[Extracted data entries]
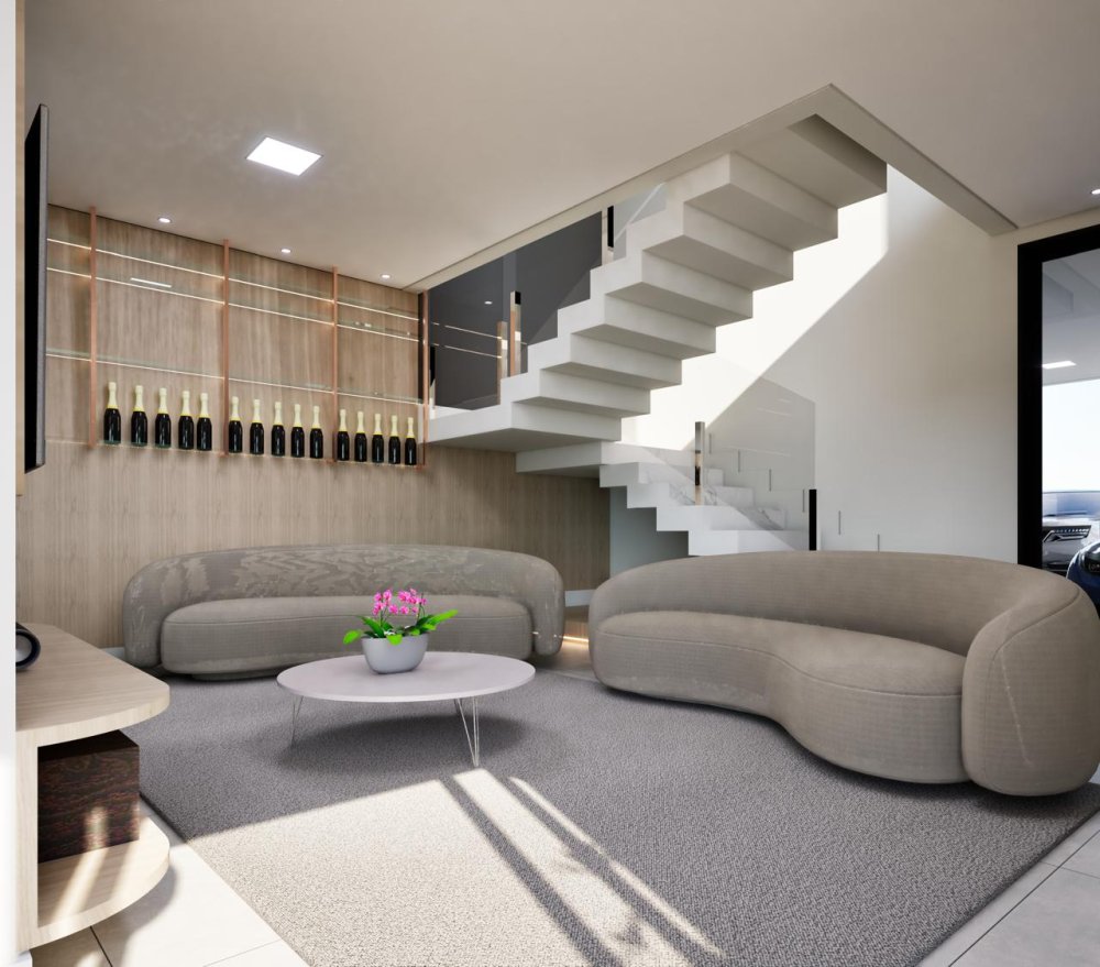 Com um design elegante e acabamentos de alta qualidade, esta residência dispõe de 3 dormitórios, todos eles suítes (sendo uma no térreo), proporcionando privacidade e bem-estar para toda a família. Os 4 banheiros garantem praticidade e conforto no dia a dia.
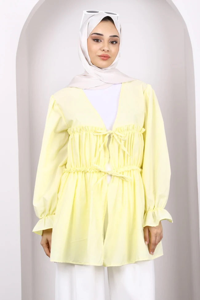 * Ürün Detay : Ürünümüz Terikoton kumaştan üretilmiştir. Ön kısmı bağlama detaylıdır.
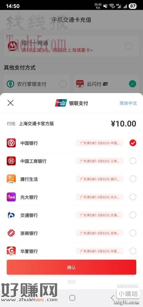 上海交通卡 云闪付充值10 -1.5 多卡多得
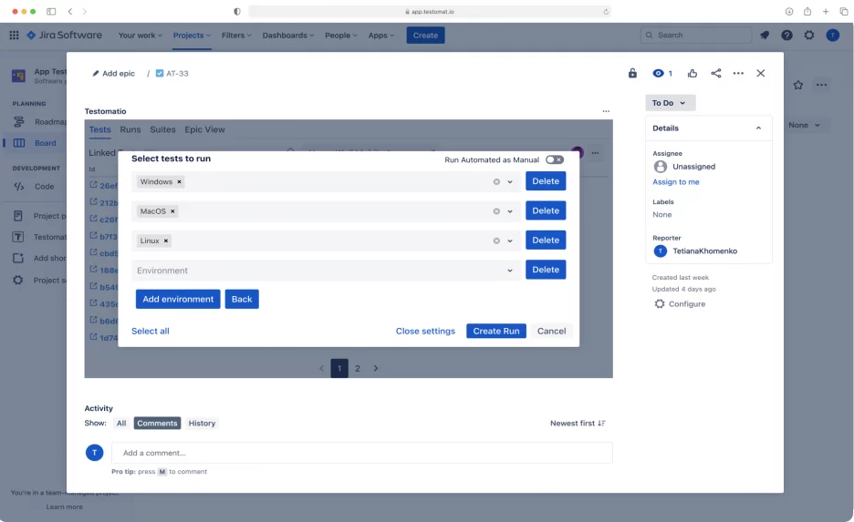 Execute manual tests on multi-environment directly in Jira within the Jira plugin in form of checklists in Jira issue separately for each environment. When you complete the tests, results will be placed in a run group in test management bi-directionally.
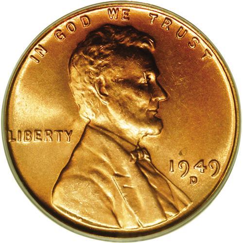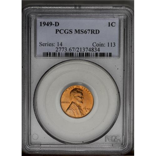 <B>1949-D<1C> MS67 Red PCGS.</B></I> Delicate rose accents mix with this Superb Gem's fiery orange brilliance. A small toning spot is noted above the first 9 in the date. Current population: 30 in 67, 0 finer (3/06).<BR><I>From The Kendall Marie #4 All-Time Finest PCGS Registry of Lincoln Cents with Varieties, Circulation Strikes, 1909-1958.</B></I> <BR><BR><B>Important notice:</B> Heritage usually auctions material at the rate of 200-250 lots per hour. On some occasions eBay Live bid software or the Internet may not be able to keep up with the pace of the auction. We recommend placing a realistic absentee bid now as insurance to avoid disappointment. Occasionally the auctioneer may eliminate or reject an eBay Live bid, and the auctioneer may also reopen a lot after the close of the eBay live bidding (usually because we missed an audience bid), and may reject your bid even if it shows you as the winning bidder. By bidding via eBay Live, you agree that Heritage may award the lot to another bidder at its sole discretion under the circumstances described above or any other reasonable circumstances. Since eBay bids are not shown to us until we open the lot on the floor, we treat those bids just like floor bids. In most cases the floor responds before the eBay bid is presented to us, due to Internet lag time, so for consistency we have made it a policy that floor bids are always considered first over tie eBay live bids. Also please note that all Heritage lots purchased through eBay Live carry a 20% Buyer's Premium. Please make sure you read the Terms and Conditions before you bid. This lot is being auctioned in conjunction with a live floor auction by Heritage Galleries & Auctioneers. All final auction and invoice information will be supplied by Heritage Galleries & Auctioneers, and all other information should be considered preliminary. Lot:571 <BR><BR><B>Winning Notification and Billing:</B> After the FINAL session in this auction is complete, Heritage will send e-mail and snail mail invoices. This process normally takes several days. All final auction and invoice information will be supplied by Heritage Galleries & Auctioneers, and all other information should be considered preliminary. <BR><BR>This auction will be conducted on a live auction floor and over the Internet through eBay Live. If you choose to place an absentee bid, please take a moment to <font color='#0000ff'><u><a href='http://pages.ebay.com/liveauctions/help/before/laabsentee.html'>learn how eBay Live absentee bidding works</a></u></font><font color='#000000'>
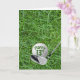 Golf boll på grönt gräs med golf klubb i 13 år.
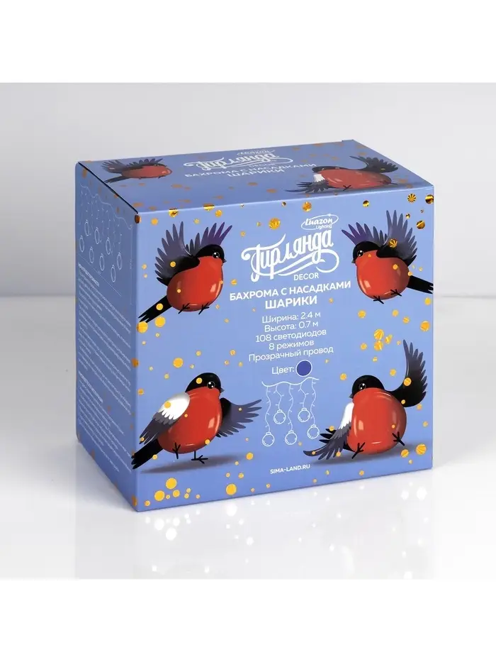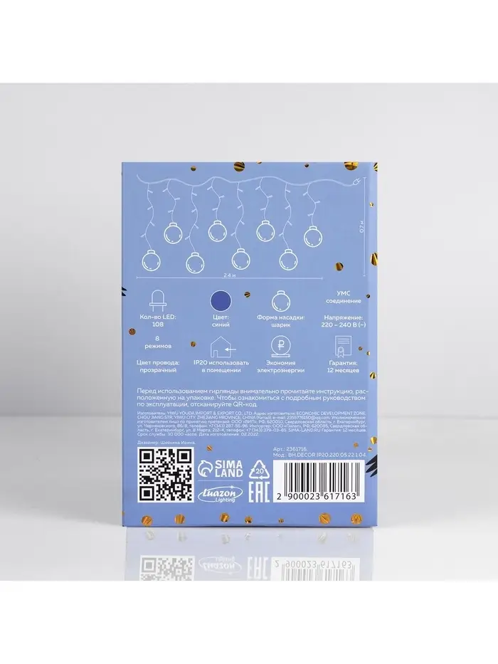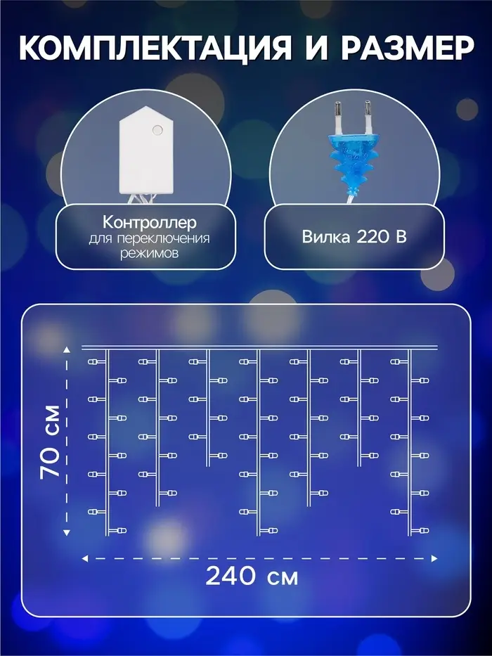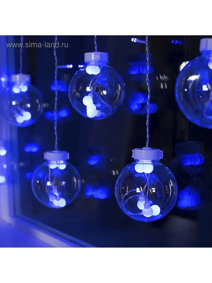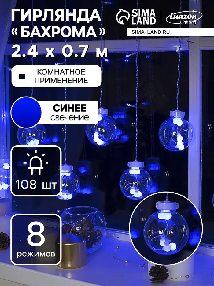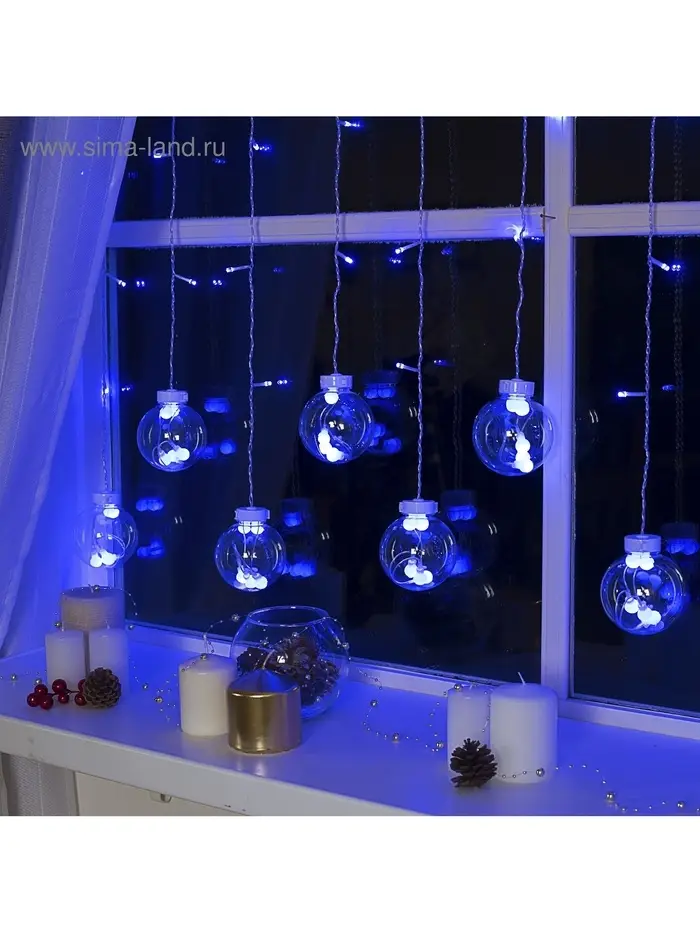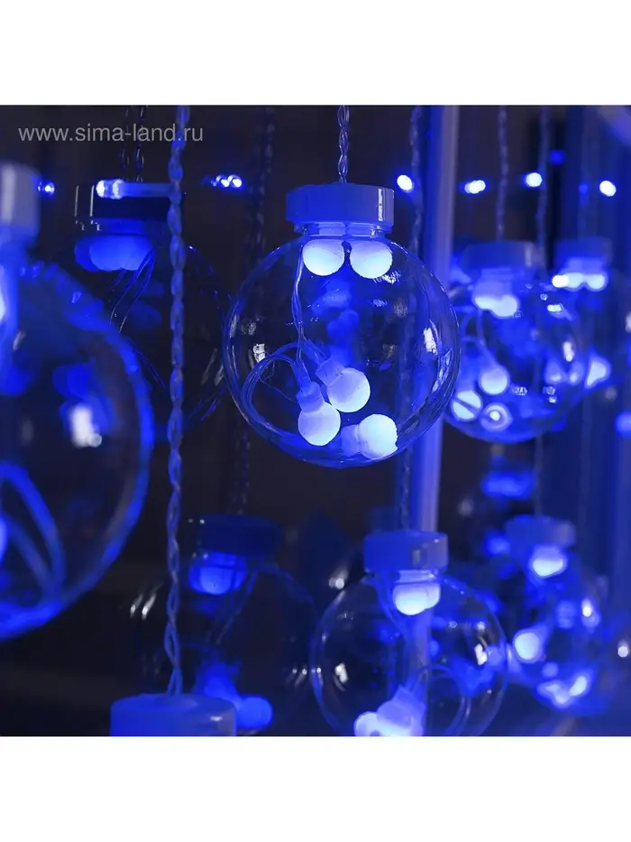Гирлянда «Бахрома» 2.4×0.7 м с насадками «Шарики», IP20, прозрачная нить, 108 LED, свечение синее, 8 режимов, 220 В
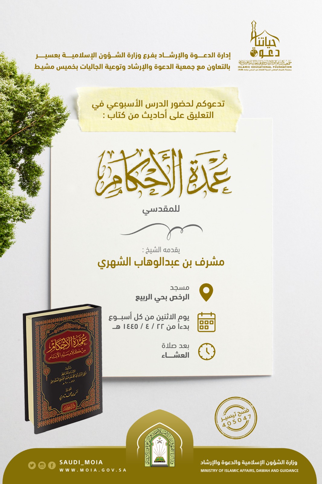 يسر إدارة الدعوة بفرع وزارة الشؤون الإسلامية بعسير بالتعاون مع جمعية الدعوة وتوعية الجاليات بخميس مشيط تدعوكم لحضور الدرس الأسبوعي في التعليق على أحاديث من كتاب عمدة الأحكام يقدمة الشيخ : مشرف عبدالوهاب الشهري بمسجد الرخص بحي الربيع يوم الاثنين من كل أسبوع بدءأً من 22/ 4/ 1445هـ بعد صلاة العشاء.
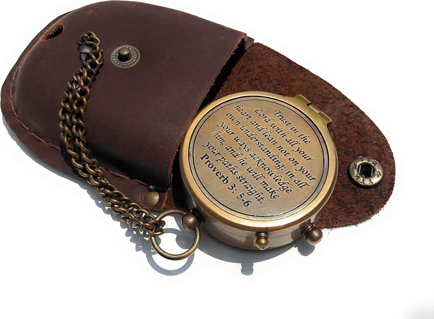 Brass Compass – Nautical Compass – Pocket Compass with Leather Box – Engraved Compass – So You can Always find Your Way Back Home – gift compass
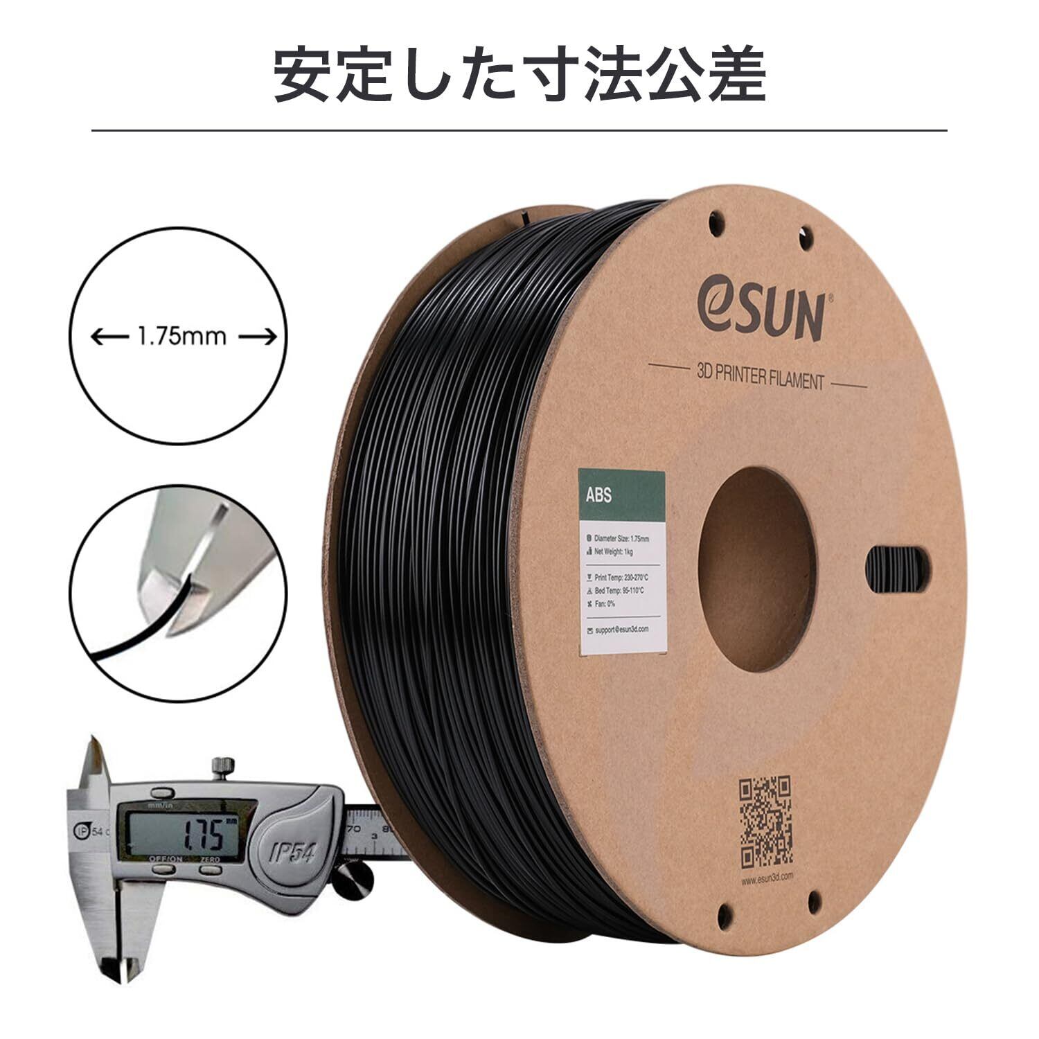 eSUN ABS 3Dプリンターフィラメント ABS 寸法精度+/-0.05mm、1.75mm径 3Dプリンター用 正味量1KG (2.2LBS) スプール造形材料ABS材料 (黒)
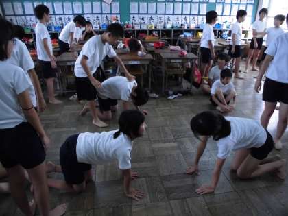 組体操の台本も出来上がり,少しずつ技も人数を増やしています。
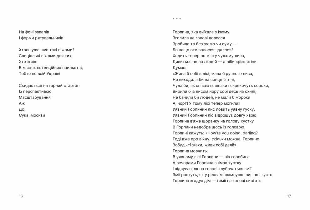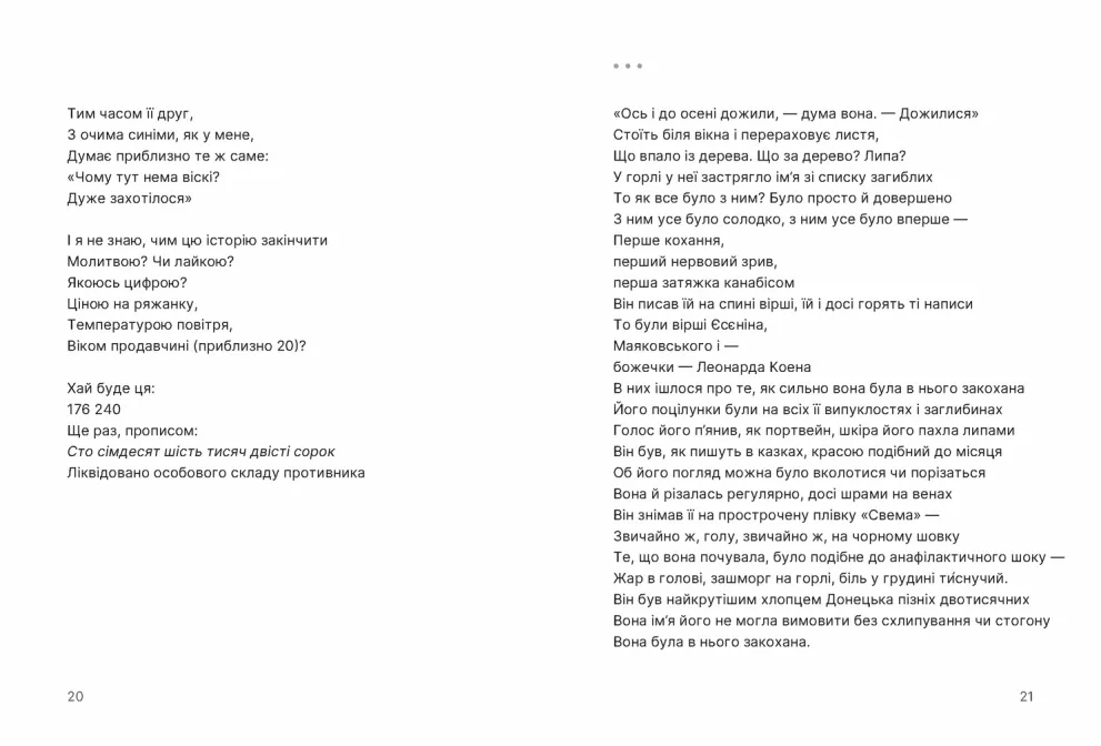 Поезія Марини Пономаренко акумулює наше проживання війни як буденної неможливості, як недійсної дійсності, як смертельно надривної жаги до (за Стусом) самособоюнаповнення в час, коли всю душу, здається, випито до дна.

:: ASSIGNED TASK ::
Beginning at the line that contains "組体操の台本も出来上がり,少しずつ技も人数を増やしています。", transcribe it and every later line through the last line of the data above, exactly, and drop the pictures.

:: REPLY TO THE EXERCISE ::
 組体操の台本も出来上がり,少しずつ技も人数を増やしています。
 Поезія Марини Пономаренко акумулює наше проживання війни як буденної неможливості, як недійсної дійсності, як смертельно надривної жаги до (за Стусом) самособоюнаповнення в час, коли всю душу, здається, випито до дна.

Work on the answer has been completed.